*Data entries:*
== Segment start ==

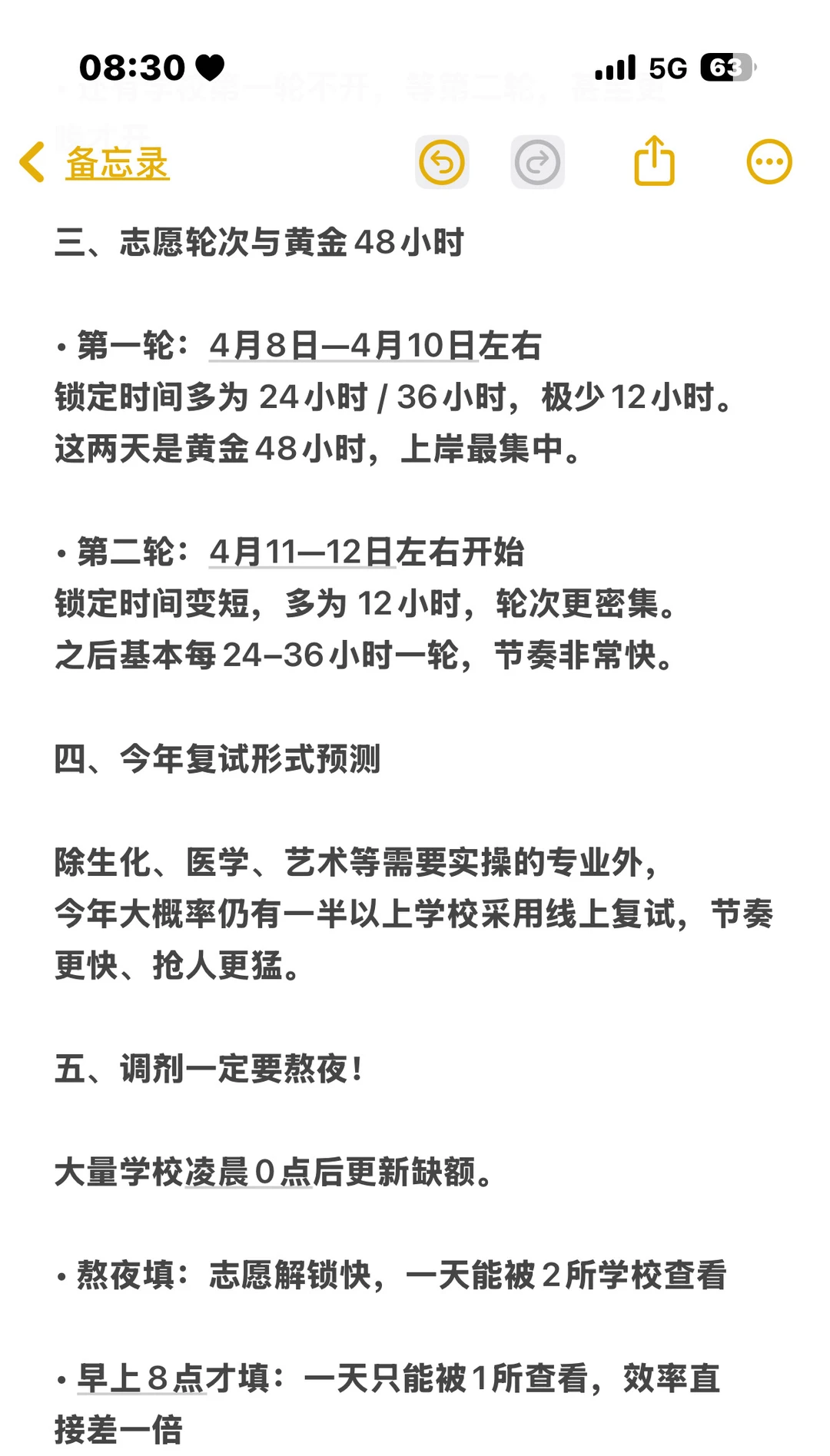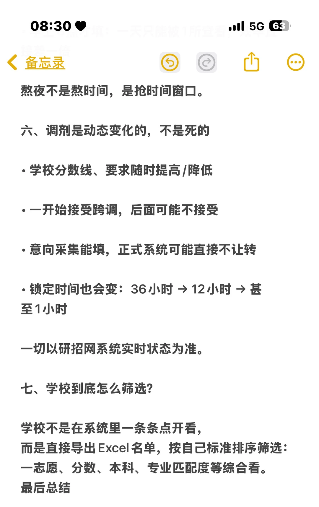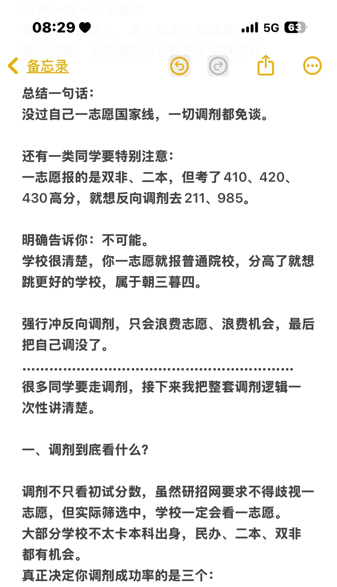 一、调剂到底看什么? 调剂不只看初试分数,虽然研招网要求不得歧视一志愿,但实际筛选中,学校一定会看一志愿。 大部分学校不太卡本科出身,民办、二本、双非都有机会。 1. 一志愿院校层次 2. 初试总分 3. 本科及科研表现(加分项) 一志愿越好,分数含金量越高。 • 一志愿985/211:可以从上往下调,覆盖大部分院校。 • 一志愿双非/普通院校:很难往211/985上调。 一志愿报考B区,但你总分+单科都过A区线,可以往A区调剂。 二、调剂时间线(非常关键) 从去年开始,学校不允许提前公开抢跑,但私下/官网提前放信息依然存在。 • 3月27日:意向采集系统开通 可填10个平行意向志愿,填完不能修改、不能删除,不要一开通就填满。 • 4月8日 0点:正式调剂系统开通 从10个意向里选3个转为正式志愿,也可重新填其他学校。 建议按冲—稳—保搭配。 调剂缺额不是4月8日一次性全出: • 3月27日—4月8日:陆续公布 • 4月8日当天:有的0点开,有的8点、10点、下午才开 • 还有学校第一轮不开,等第二轮,甚至更晚才开。 三、志愿轮次与黄金48小时 • 第一轮:4月8日—4月10日左右 锁定时间多为 24小时 / 36小时,极少12小时。 这两天是黄金48小时,上岸最集中。 • 第二轮:4月11—12日左右开始 锁定时间变短,多为 12小时,轮次更密集。 之后基本每24–36小时一轮,节奏非常快。 四、今年复试形式预测 除生化、医学、艺术等需要实操的专业外, 今年大概率仍有一半以上学校采用线上复试,节奏更快、抢人更猛。 五、调剂一定要熬夜! 大量学校凌晨0点后更新缺额。 • 熬夜填:志愿解锁快,一天能被2所学校查看 • 早上8点才填:一天只能被1所查看,效率直接差一倍 熬夜不是熬时间,是抢时间窗口。 六、调剂是动态变化的,不是死的 • 学校分数线、要求随时提高/降低 • 一开始接受跨调,后面可能不接受 • 意向采集能填,正式系统可能直接不让转 • 锁定时间也会变:36小时 → 12小时 → 甚至1小时 一切以研招网系统实时状态为准。
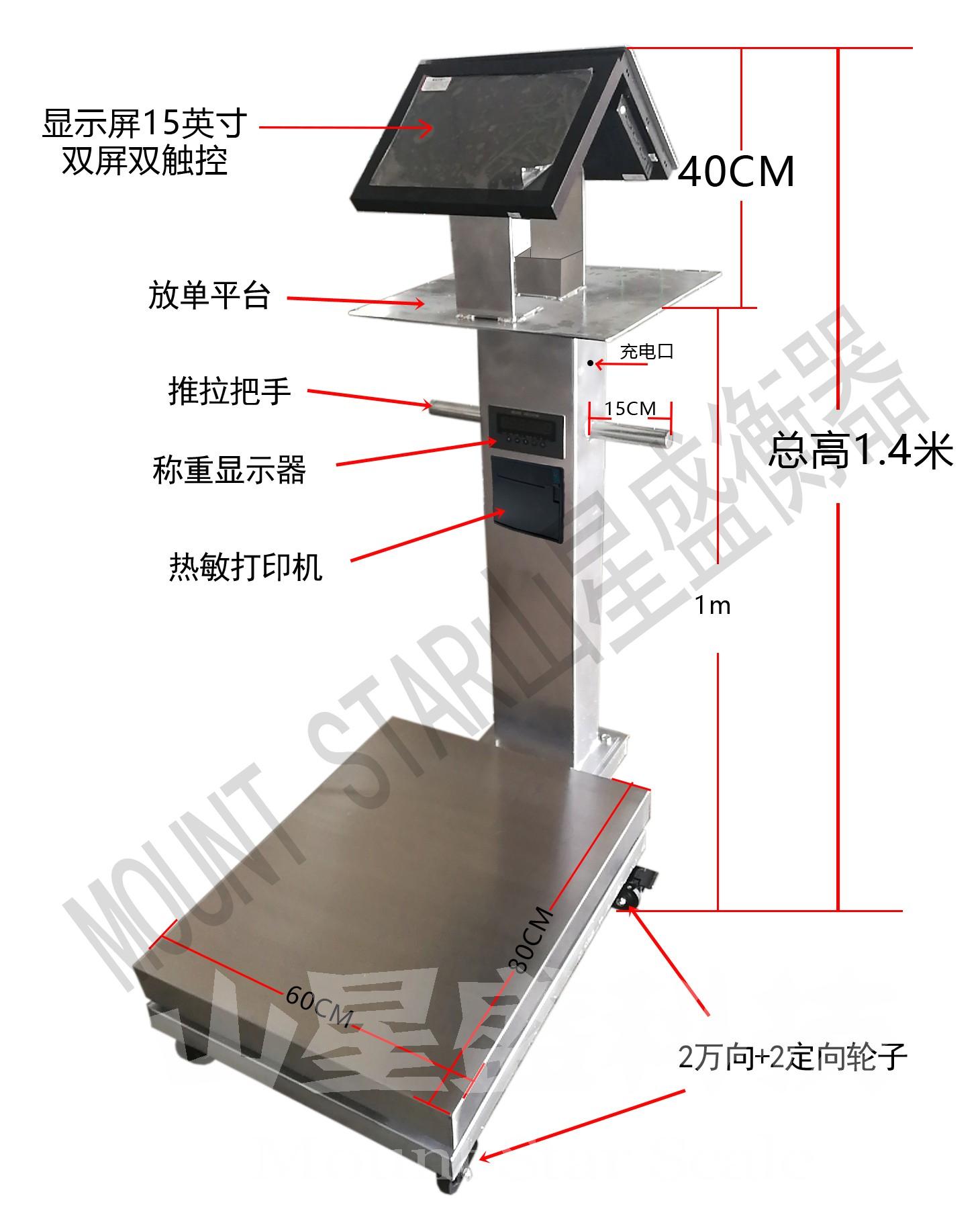 多功能一體電子秤是在電子秤的基礎上加裝多種選配件組裝成,由15寸雙觸膜顯示器+打印機+充存電+攝像頭+掃碼裝置等
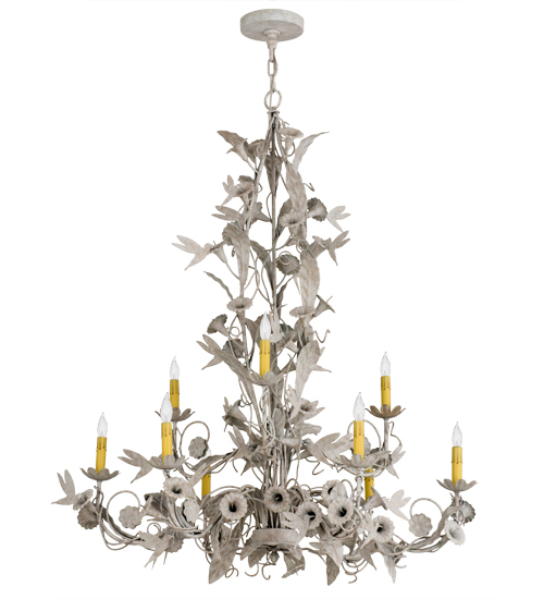 The natural beauty and vibrant pulse of earthly gardens awaken with elaborate accents depicting stunning floral leaves and branches born in the woodlands. Like the soul of the forest itself, this chandelier is an undeniable source of beauty and light. 9 Plant-like adorned arms embrace Ivory colored faux candlelights that sprout shimmering rays of illumination while graceful songbirds and dragonflies fly among the flowers. Solid steel frame and decorative accents are hand finished in Tuscan Ivory. Handcrafted by artisans in our 180,000 square foot manufacturing facility in Yorkville, New York. Ask about custom sizes, styles, colors and dimmable energy efficient lamping options. UL and cUL listed for dry and damp locations.
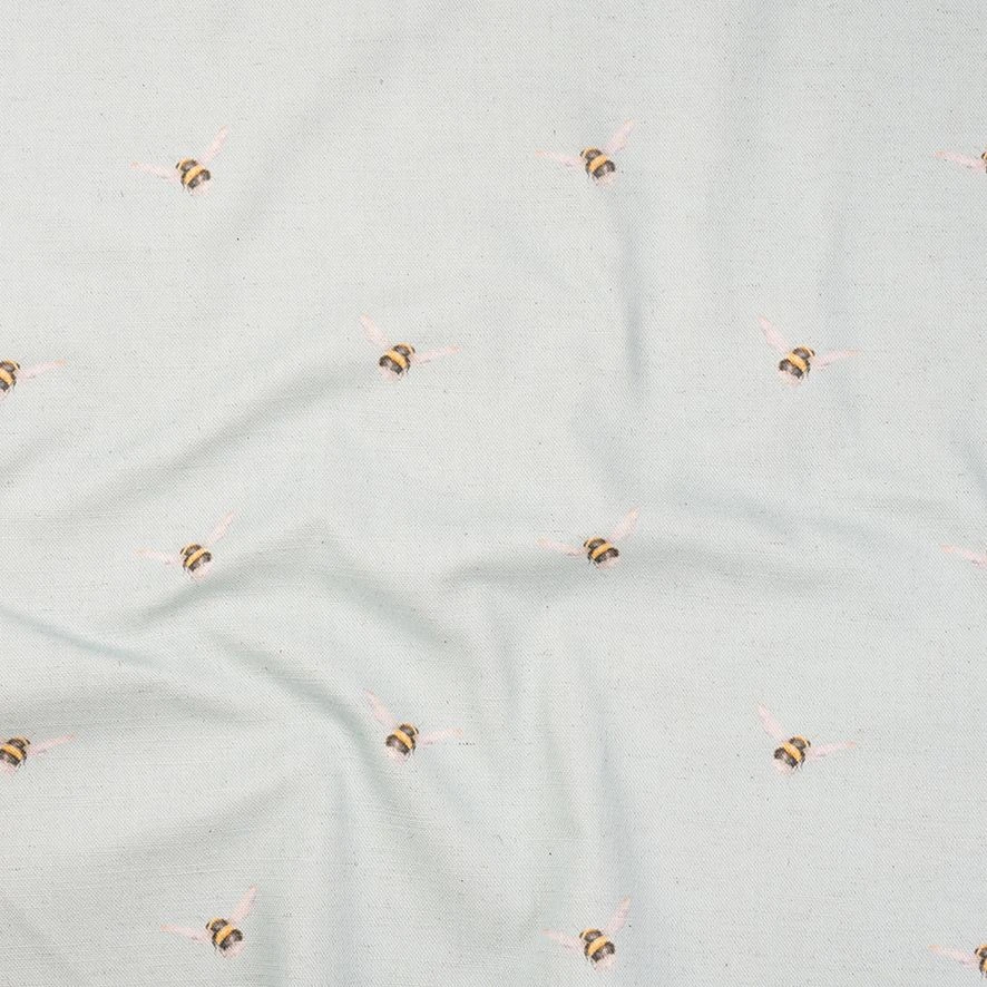 Featuring a gorgeous bee pattern on a lovely duck egg coloured background, this beautiful cotton linen blend fabric will make a gorgeous statement in any home and is ideal for making your own curtains, blinds or cushions. It has a vertical pattern repeat of 47cm. The pattern width is 47cm and total fabric width 142cm. To make the most of our beautiful fabrics, we recommend you wash them on a cool setting in a pillowcase or duvet cover. Available by the metre.
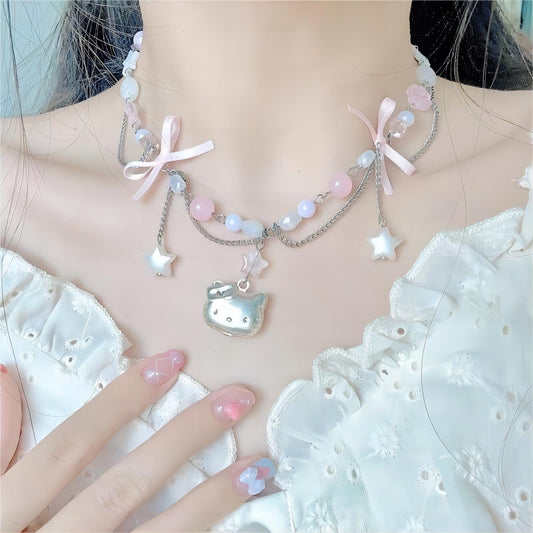 Collier chaîne à billes Kawaii à plusieurs couches avec motif de chaton étoilé
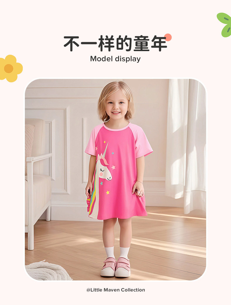 Girls' Cute Short-Sleeve Cotton Dress Wholesale, Summer Kids' Dress
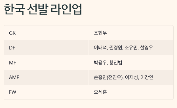 한국 이라크 축구 라인업을 예상해보면 다음과 같습니다.

== Segment end ==

*What the exercise asks:* Please restate word for word the lines above, starting with the line that holds "The natural beauty" and ending with the final line of the records, while leaving out pictures.

*Reply:*
 The natural beauty and vibrant pulse of earthly gardens awaken with elaborate accents depicting stunning floral leaves and branches born in the woodlands. Like the soul of the forest itself, this chandelier is an undeniable source of beauty and light. 9 Plant-like adorned arms embrace Ivory colored faux candlelights that sprout shimmering rays of illumination while graceful songbirds and dragonflies fly among the flowers. Solid steel frame and decorative accents are hand finished in Tuscan Ivory. Handcrafted by artisans in our 180,000 square foot manufacturing facility in Yorkville, New York. Ask about custom sizes, styles, colors and dimmable energy efficient lamping options. UL and cUL listed for dry and damp locations.
 Featuring a gorgeous bee pattern on a lovely duck egg coloured background, this beautiful cotton linen blend fabric will make a gorgeous statement in any home and is ideal for making your own curtains, blinds or cushions. It has a vertical pattern repeat of 47cm. The pattern width is 47cm and total fabric width 142cm. To make the most of our beautiful fabrics, we recommend you wash them on a cool setting in a pillowcase or duvet cover. Available by the metre.
 Collier chaîne à billes Kawaii à plusieurs couches avec motif de chaton étoilé
 Girls' Cute Short-Sleeve Cotton Dress Wholesale, Summer Kids' Dress
 한국 이라크 축구 라인업을 예상해보면 다음과 같습니다.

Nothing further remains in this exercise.